А в центральной области можно устроить выкуп земли: не больше ведь миллионов 80-ти десятин. Выпустить «гарантированные облигации», а платежи по ним, само собою разумеется, разложить «на гимназии, получившие даровой надел» (232) – и дело в шляпе! Г-н Южаков уверяет, что нечего пугаться «грандиозности финансовой операции. Она не представляется химерою и утопией» (232). Это будет «в сущности отлично обеспеченная ипотека». Чего уж не обеспеченная! Только еще раз: при чем же тут «утопия»? И неужели г. Южаков серьезно считает наших крестьян настолько уж забитыми и неразвитыми, чтобы получить от них согласие на подобный план?? И выкупные платежи извольте платить за землю, и «платежи по займу для первоначального обзаведения» , и содержать извольте всю гимназию, и жалованье платите всем преподавателям, а в довершение всего извольте-ка еще за все это (т. е. за то, что за плату наняли преподавателей?) отработать по три годика! Не слишком ли уж жирно будет, просвещенный г. «народник»? Подумали ли вы, перепечатывая в 1897 году свое творение, появившееся в журнале «Р. Богатство» в 1895 году, – куда заводит вас свойственная всем народникам любовь к разным финансовым операциям и выкупам? Вспомните, читатель, что было обещано всенародное образование «без всяких затрат со стороны государства, земства и народа». И наш гениальный финансист, действительно, ни рубля не требует ни от государства, ни от земства. А от «народа»? Или, точнее говоря, от несостоятельных крестьян? На их деньги и земля покупается, и гимназии заводятся (ибо они платят проценты и погашения по употребленным на это капиталам), они же и преподавателям платят и все гимназии содержат. И еще отработки. Да за что же? – За то, – отвечает неумолимый финансист, – что в младших классах гимназисты за свое образование и содержание не платили (204). Но, во-1-х, к нерабочим возрастам отнесены только «приготовительные и два первых гимназических класса» (206), а дальше уже идут полурабочие. А, во-2-х, ведь содержат этих детей их же старшие братья, они же и преподавателям платят за обучение младших. Нет, г. Южаков, не только теперь, но и в аракчеевские времена подобный план был бы совершенно неосуществим, ибо это действительно «утопия» крепостническая.
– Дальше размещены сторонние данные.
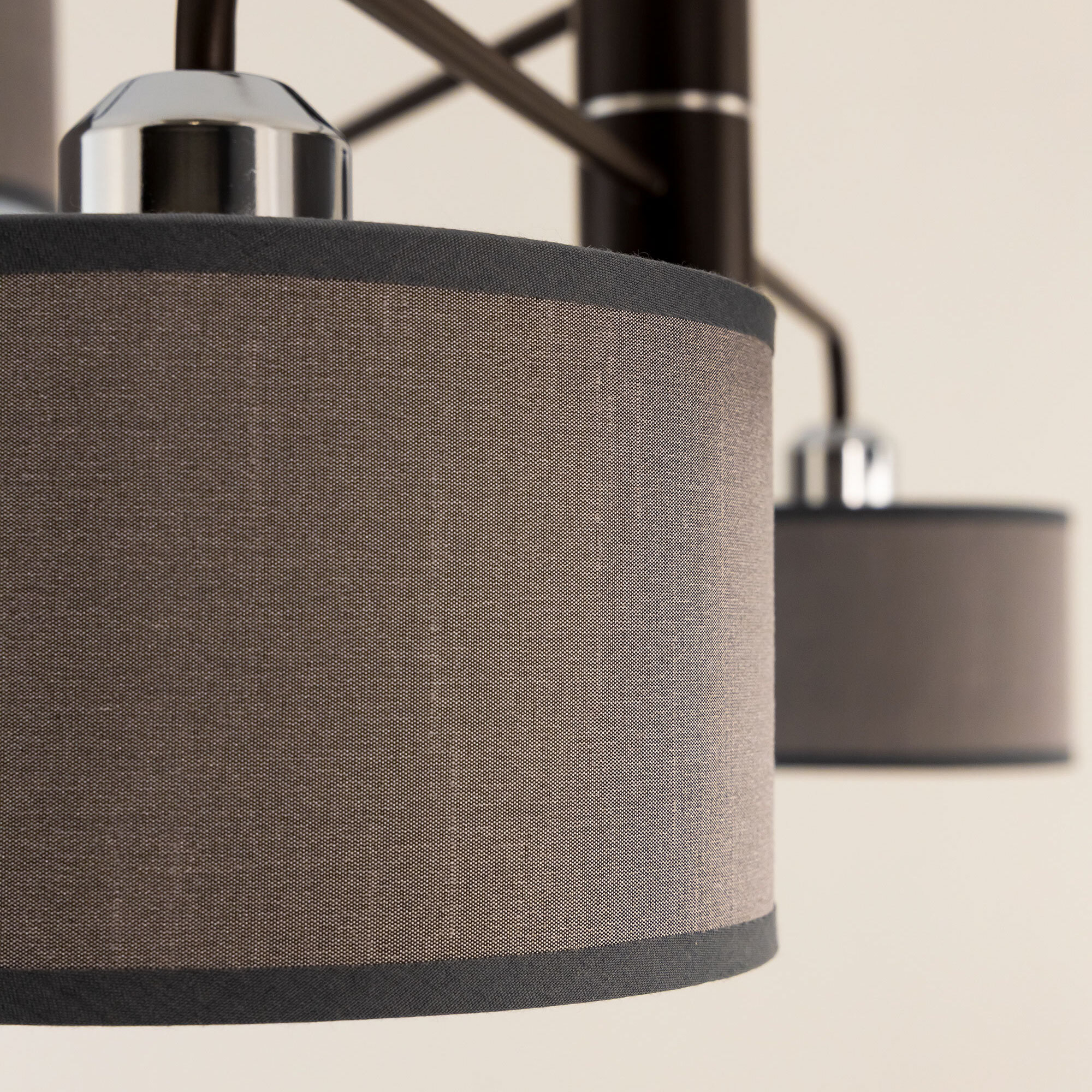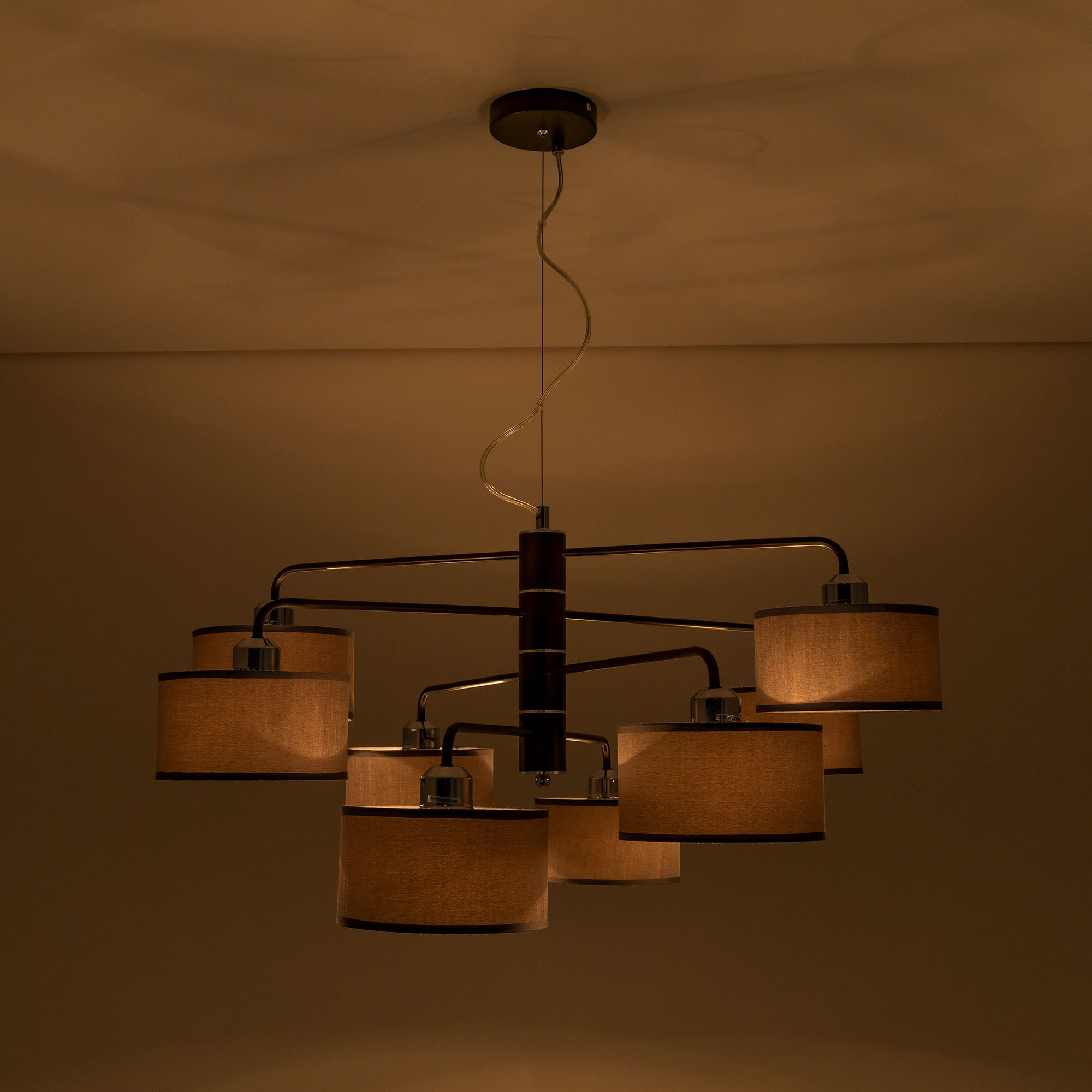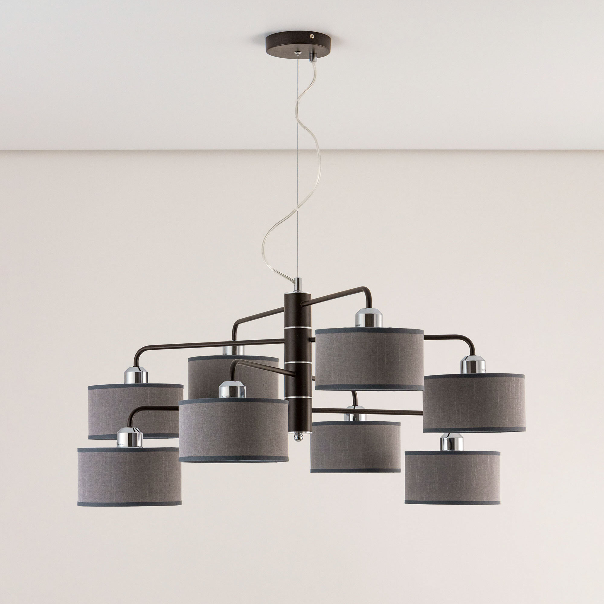 Подвесная люстра Citilux Форма CL428281 для современных интерьеров. Корпус светильника металлический, цвет венге (коричневый), с декоративными хромированными элементами. Абажуры цилиндрической формы, из текстурной ткани серого цвета, на подложке из оптического полимера. Размеры абажура: диаметр 12см, высота 10см. В изделии используются 8 ламп с цоколем Е27, максимальной мощностью для ламп накаливания 60Вт. Светодиодные лампы можно использовать более яркие. Осветит около 20м². Тип крепления к потолку – планка.Citilux CL428 FORMA: Вдохновение в каждом луче.

Что касается до управления гимназиями, то г. Южаков дает об этом очень мало сведений. Преподавательский персонал он, правда, с точностью перечислил и назначил всем им жалованье «сравнительно невысокое» (ибо готовая квартира, содержание детей, «половина расхода на одежду») – вы думаете, может быть, по 50 руб. в год? Нет, несколько побольше: «директору, директрисе и главному агроному по 2400, инспектору» и т. д. – по чину глядя, спускаясь по иерархической лестнице, до 200 рублей низшим служащим (214). Как видите, недурная карьера для тех представителей просвещенного общества, которые «предпочли» платную городскую школу земледельческой гимназии! Обратите внимание на эту «половину расхода на одежду», обеспеченную гг. преподавателям: по плану нашего народника они будут пользоваться мастерскими (как мы уже видели), т. е. отдавать «гимназистам» чинить и шить себе платье. Не правда ли, как заботлив г. Южаков… о гг. преподавателях? Впрочем, он и о «гимназистах» заботится, – так, как добрый хозяин заботится о скотине: ее надо накормить, напоить, поместить и… и случить. Не угодно ли:
«Если… будут разрешены браки между окончившими курс и оставшимися на три года при гимназии молодыми людьми.., то такое 3-летнее пребывание при гимназии будет далеко менее обременительно воинской повинности» (207). «Если будут разрешены браки»!! Значит, могут и не разрешить? Но ведь для этого нужен новый закон, почтенный г. прогрессист, закон, ограничивающий гражданские права крестьян. Можно ли, однако, удивляться подобной «обмолвке» (?) г-на Южакова, если он во всей своей «утопии», среди подробнейшего разбора вопросов о жалованье преподавателей, об отработках гимназистов и т. п., и не вспомнил ни разу, что не грех бы – в «утопии»-то по крайней мере – предоставить некоторые права по управлению «гимназией» и по ведению хозяйства самим «ученикам», которые ведь сами содержат все заведение и кончают ее 23–25 лет, что ведь это не только «гимназисты», но и граждане. Об этой мелочи совсем забыл наш народник! Зато вот вопрос об «учениках» дурного поведения он разработал тщательно. «Четвертый тип (гимназий) надо было бы создать для учащихся, удаляемых из обыкновенных гимназий за дурное поведение. Обязывая все молодое поколение пройти курс среднего образования, было бы нерационально освободить от него за дурное поведение. Для старших классов это могло бы явиться соблазном и поощрением к дурному поведению. (Ей-богу, так и напечатано на стр. 229!!) Учреждение особых гимназий для удаленных за дурное поведение явилось бы логическим дополнением всей системы». Они назывались бы «исправительные гимназии» (230).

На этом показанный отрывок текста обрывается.